In testimony before the House Natural Resources Committee, Gerard said deep-water drilling provided about 70 percent of the oil and 36 percent of the natural gas from Gulf of Mexico production. Later, in a response to Obama’s announcement, Gerard said the decision to postpone oil development off the coasts of Alaska and Virginia and areas of the Gulf has “the potential to significantly erode our energy and economic security.”
While Gerard warned of prolonged bans on offshore drilling, he acknowledged in an interview that his oil industry group was taking “a pause” in the media campaign it had been underwriting to push for more energy exploration.
Gerard said his group’s current focus was on dealing with the disaster and coordinating the response within the industry.
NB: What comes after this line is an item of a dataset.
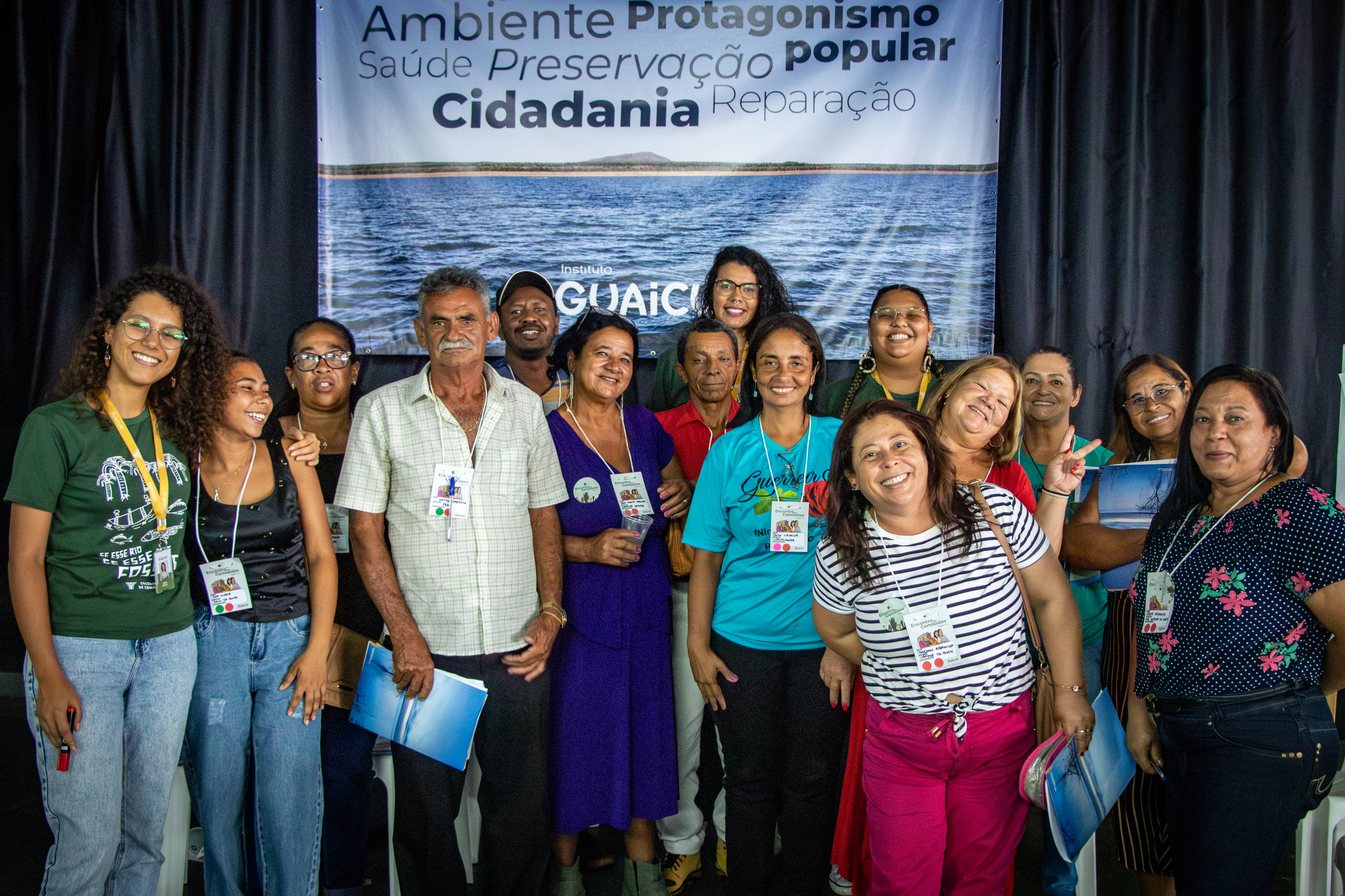 74 pessoas atingidas participaram do Encontro, representando 24 diferentes Comissões, entre elas comunidades de Povos e Comunidades Tradicionais (PCTs), a do Povo Indígena Kaxixó, o grupo Guiados Pelo Axé, de pessoas de religião de matriz africana, e ribeirinhos da calha do São Francisco. O evento teve início com a leitura de um poema sobre a luta pela reparação por Lubiana Pereira Bruno, da Comissão de Faveira, Buritizinho, Riachão e Ilha do Mangabal (FABURIMA). Em seguida, Paula Constante e Jonas Veloso, coordenadores do Guaicuy nas Regiões 5 Oeste e Leste, respectivamente, apresentaram a programação do evento, lembrando que ela foi construída em conjunto com as pessoas atingidas por meio da Secretaria Organizativa. “A Região 5 é uma só, é muito forte, e vai mostrar sua potência nesse Encontro”, disse Jonas Veloso.

“We need to work on education, outreach,” Gerard said.
The oil spill has emerged as the first major crisis for Gerard, who has made major staff changes at API since he was hired to head the trade group in 2009. But Gerard suggested that he was not overwhelmed by the disaster.
“Just another day at the office,” he said in the Capitol Hill interview before he gave testimony.
Among those testifying before the Natural Resources Committee were Lamar McKay, president of BP North America, and Steven Newman, president of Transocean.
Both men have spent a good deal of their time on Capitol Hill since the spill, answering questions from various committees. As of Thursday, a BP spokesman said, McKay had testified before seven committees in the past three weeks. Willis, BP’s vice president for resources, has testified before two panels.
BP has also been running newspaper ads, both in national publications and Gulf Coast newspapers, explaining what it is doing to stem the spill and how its claim process works.
While executives from BP and its partners are becoming familiar figures on Capitol Hill, testifying before Congressional panels was a new experience for the rig workers. Dressed in suits, they sat at the end of a long witness table for several hours as committee members questioned the panelists.
Brown, the mechanic, who is from Vancouver, Wash., called it “a real learning experience.” Stone, who is from Houston, said he doesn’t follow politics much and didn’t know who his Member of Congress is.
“I flip on C-SPAN maybe,” he said. “But I’m pretty much out of the loop.”